Tentage : cassage de gueule de barquettes. Disage de gros mots par l'intérimaire. Rigolage de collègue sérieuse : « Je vous l'avais pourtant dit ! » Rigolage de collègue sérieux. Ramassage de barquettes et rempilage. Retentage. Recassage de gueule de barquettes. Reramassage sous regards goguenards de collègues morts de rire et immobiles. Retentage avec râlage. Réussissage. Regardage de pendule. Empilage de barquettes. Regardage de pendule. Passage de petite trapue avec examinage destiné au tremblage de l'intérimaire. Regardage de pendule. 

Demandage par collègue sérieuse si revenage demain.
Répondage par l'intérimaire : « Je ne sais pas ! ». 

11 h. Finissage de la mission. Sauvage à toutes jambes de l'intérimaire.

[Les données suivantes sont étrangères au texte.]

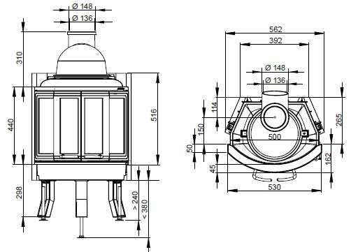 - Диаметр дымохода, (мм) 150

PS : Bien agaçant, aussi, le gars de la boîte d'intérim, qui faisait son déçu pas certain de me donner une nouvelle chance (ouarf !) quand je lui ai appris que puisque c'était mon jour d'essai, je n'allais pas poursuivre cette intéressante expérience. Ou celui du gars de l'autre boîte d'intérim que je viens de contacter et qui me découragerait presque de venir lui présenter mon CV, histoire que je le supplie à genoux de me trouver un boulot de merde éreintant et bouffe-vie sous-payé.

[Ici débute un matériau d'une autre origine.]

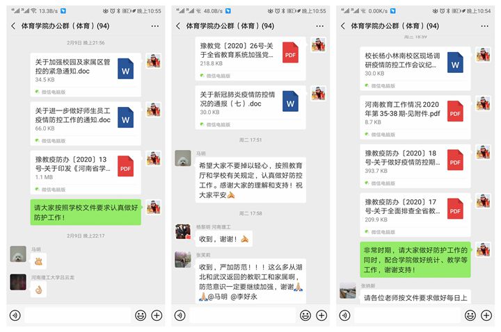 快速反应,及时传达上级防控精神,认真落实防控要求。疫情出现后,学院党委按照学校党委行政的部署,紧急制定了《体育学院新型冠状病毒肺炎防控工作方案》《体育学院防控疫情应急预案》,成立学院新型冠状病毒感染的肺炎防控工作领导小组,明确防控疫情的要求和责任,积极有序开展各项防疫工作。一是及时传达《关于学习贯彻习近平总书记重要讲话精神进一步做好疫情防控工作的通知》(豫办发电〔2020〕10号)和《关于全面排查全省教育系统新型冠状病毒肺炎工作的通知》(豫教疫防办〔2020〕17号)要求,按照学校统一部署,坚持“逐一摸排不留死角”“加强宣传强化意识”“每日统计按时上报”三步走,努力做到传达文件精神及时快速,宣传防疫知识科学到位,上报情况数据真实有效。二是加强宣传力度,通过办公自动化、微信群、QQ群等渠道编发生活提示,普及疫情防控知识和防控要求,使我院师生充分认识疫情的严峻性和复杂性,高度重视防控工作,切实增强紧迫感和责任感。三是严格落实上级防控疫情工作要求,学院第一时间停止运动会、比赛和高水平运动队训练等人员密集活动,坚决杜绝任何形式的聚集性活动,引导师生及家属,疫情防控期间不前往湖北等疫情严重地区及其周边地区进行学习、实践、探亲和旅游等活动,避免与前往湖北等疫情严重地区及其周边地区的人员接触。

On le sait que c'est la crise et pas facile facile, mais arrêtez d'essayer de nous faire croire qu'on ne va pas trouver de boulot dans la restauration, alors que les revues de la profession pondent avec une régularité désarmante des articles plaintifs comme quoi c'est tellement dur de trouver des gens motivés et sérieux pour se farcir ces métiers en tension et patati et patata, snif ! et bouh !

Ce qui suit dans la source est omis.